## REQUIREMENT
Drop the images, then output the listing exactly.

## EXERCISE DATA
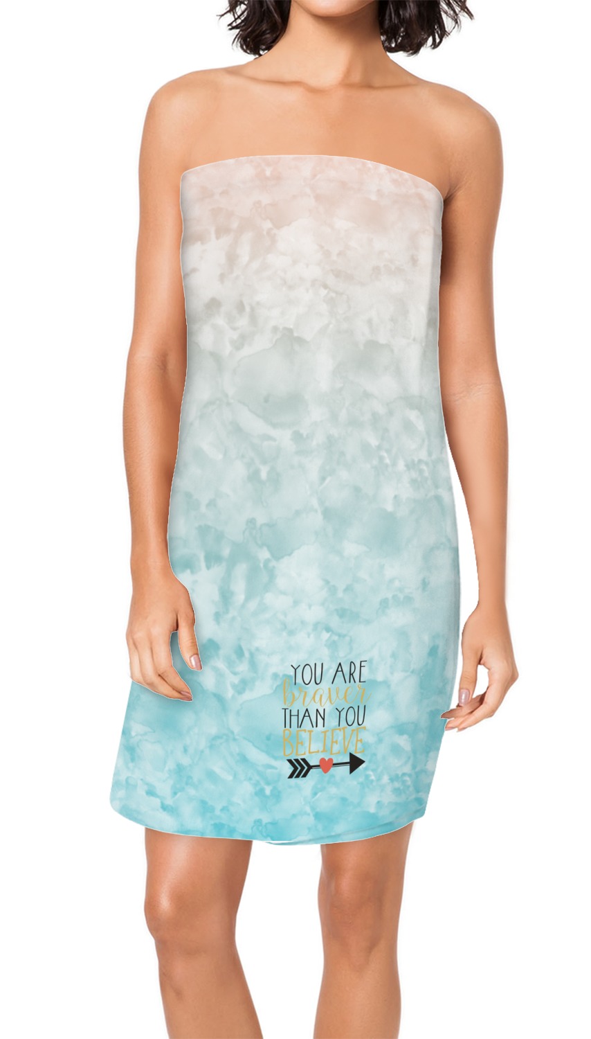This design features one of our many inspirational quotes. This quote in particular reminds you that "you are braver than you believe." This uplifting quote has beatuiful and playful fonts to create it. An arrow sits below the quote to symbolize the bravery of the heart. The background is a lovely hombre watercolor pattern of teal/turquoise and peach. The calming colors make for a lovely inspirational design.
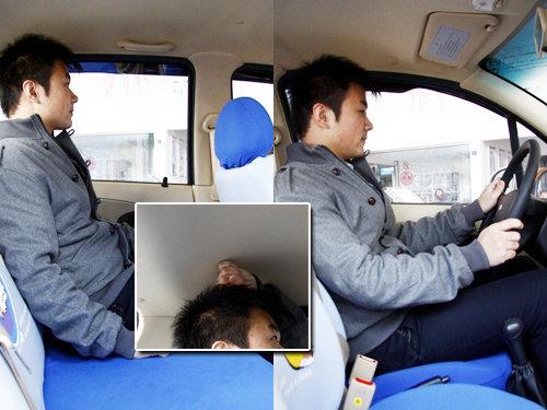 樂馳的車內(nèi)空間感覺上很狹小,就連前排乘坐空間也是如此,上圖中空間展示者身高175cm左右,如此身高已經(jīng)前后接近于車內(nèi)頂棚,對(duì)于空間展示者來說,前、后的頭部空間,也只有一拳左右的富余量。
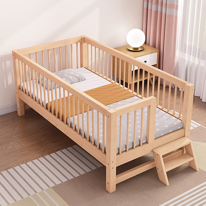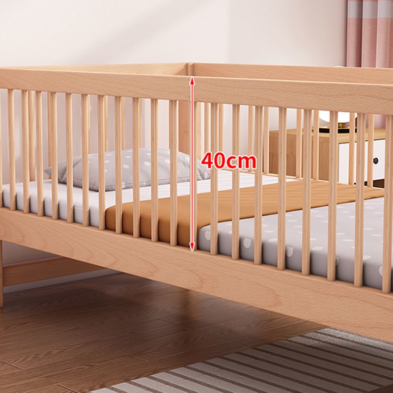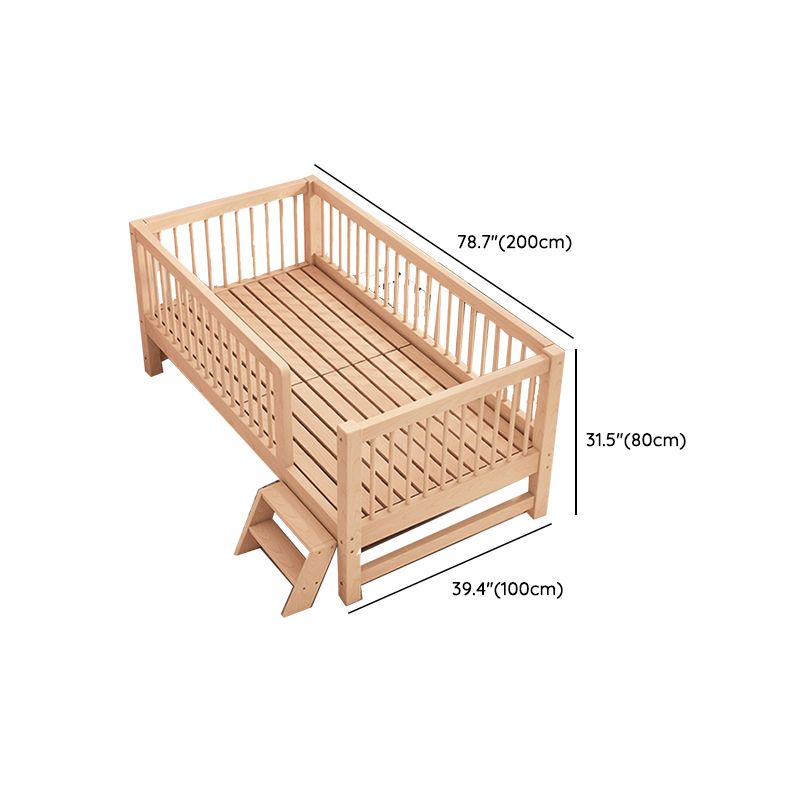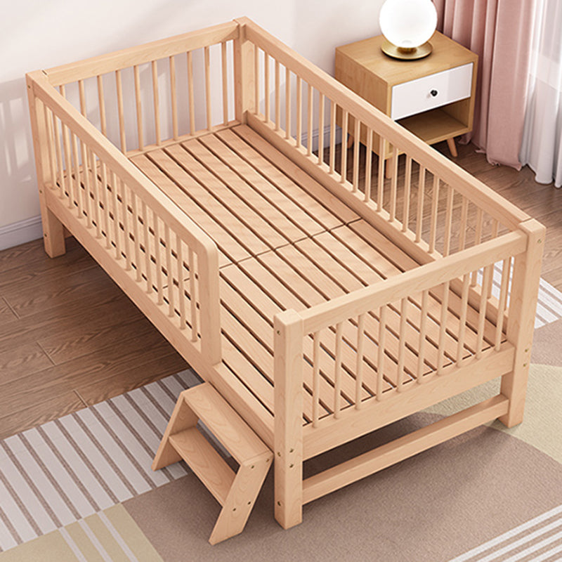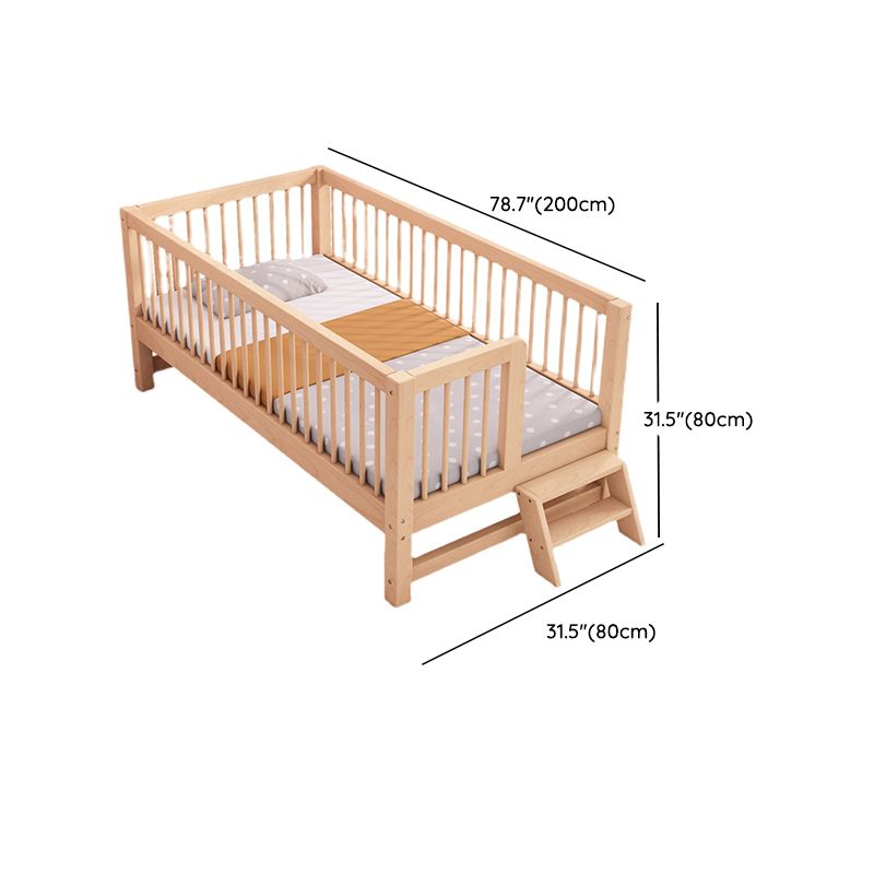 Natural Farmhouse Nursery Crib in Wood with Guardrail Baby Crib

## OUTPUT
This design features one of our many inspirational quotes. This quote in particular reminds you that "you are braver than you believe." This uplifting quote has beatuiful and playful fonts to create it. An arrow sits below the quote to symbolize the bravery of the heart. The background is a lovely hombre watercolor pattern of teal/turquoise and peach. The calming colors make for a lovely inspirational design.
 樂馳的車內(nèi)空間感覺上很狹小,就連前排乘坐空間也是如此,上圖中空間展示者身高175cm左右,如此身高已經(jīng)前后接近于車內(nèi)頂棚,對(duì)于空間展示者來說,前、后的頭部空間,也只有一拳左右的富余量。
 Natural Farmhouse Nursery Crib in Wood with Guardrail Baby Crib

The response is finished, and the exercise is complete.